High-entropy alloys show excellent comprehensive performance in high-temperature, low-temperature, corrosion, wear, and irradiation resistance [1,2]. As the field of high-entropy alloys continues to evolve, there are increasingly specific requirements regarding various properties, which present new challenges for their design. High-entropy alloys can be categorized into four types by phase composition: CoCrFeNi series dominated by FCC phase, refractory high-entropy alloys dominated by BCC phase, low melting point series, and other series dominated by HCP phase (including rare earths, precious metals, and other elements) [3,4]. Among them, the application of CoCrFeNi high-entropy alloy is more extensive, and the research direction has gradually shifted from the composition design to the process research direction [5,6,7,8]. The plasticity of CoCrFeNi high-entropy alloys can be achieved by composition adjustment and process adjustment [9,10,11], to which the addition of refractory metal elements, such as Nb and Ti, can effectively improve the high-temperature performance of the alloy [9,12,13,14].
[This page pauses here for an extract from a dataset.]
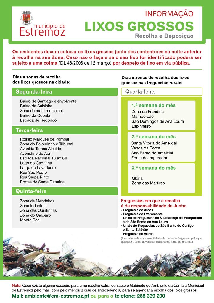 - União de Freguesias de Estremoz, nos seguintes locais: Casais de Sta. Maria - Rua Machado dos Santos, Rua José Félix Ribeiro, Rua 31 de Janeiro, Largo General Graça, Rua 5 de Outubro, Rossio Marquês de Pombal, Largo da República, Rua João de Sousa Carvalho, Bairro da Salsinha - Rua da Venezuela, Rossio Marquês de Pombal, Largo de S. José, Largo da Praça de Touros.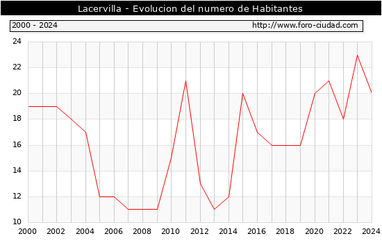 el numero de habitantes en Lacervilla era de 20, 3 habitantes menos que el en el año 2023. En el grafico siguiente se puede ver cuantos habitantes tiene Lacervilla a lo largo de los años.

Among various alloying strategies, V and Cu additions have attracted considerable attention in FCC-type CoCrFeNi-based high-entropy alloys. Previous studies have shown that moderate V addition can provide solid solution strengthening and lattice distortion strengthening while maintaining relatively good ductility of the FCC matrix [15]. In addition, V can modify the deformation behavior and improve the strength–ductility balance of CoCrFeNi-based alloys [16]. Cu is frequently introduced to FCC high-entropy alloys because of its ability to stabilize the FCC phase and improve plastic deformation compatibility [17,18,19]. Although Cu segregation may occur during solidification owing to its limited solid solubility, Cu-containing CoCrFeNi-based alloys generally exhibit excellent ductility. Therefore, V and Cu were selected in the present study to develop a ductile FCC matrix alloy suitable for subsequent ceramic-particle reinforcement investigations.
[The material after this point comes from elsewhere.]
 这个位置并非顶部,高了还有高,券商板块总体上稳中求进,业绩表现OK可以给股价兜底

Small-scale ceramic phases are often employed as reinforcing phases due to their ability to enhance solid solution strength and provide precipitation strengthening [1]. To improve the strength and toughness of the alloy, some researchers add ceramic phase, such as rare earth oxides and TiC. The preparation of metal matrix composites can be divided into traditional methods, such as liquid stirring and powder metallurgy, and in situ synthesis methods [20,21]. Li et al. [22] employed laser cladding to fabricate fine microstructured CoCrFeNiMn high-entropy alloys containing TiN, concentrating on the impact of TiN particle reinforcements on the strength and ductility of high-entropy alloys, and found that the majority of TiN particles were distributed at grain boundaries and served as nucleation sites during solidification. Cai et al. [23] synthesized TiC-reinforced FeMnCrNiCo+x(TiC) high-entropy alloys. The fine grains and high dislocation densities enhanced the resistance of the high-entropy alloys. Guo et al. [24] synthesized in situ TiN-reinforced CoCr2FeNiTi high-entropy alloys. In situ processes have been extensively studied due to their straightforward preparation, low production costs, and excellent interfacial bonding [25,26]. TiC exhibits high strength and hardness, making it a commonly utilized reinforcing phase in both traditional alloys and high-entropy alloys [27]. However, in most cases, TiC phase has a granular or rod-like microstructure morphology and is prone to agglomeration, resulting in a significant loss of plasticity of the alloy [28].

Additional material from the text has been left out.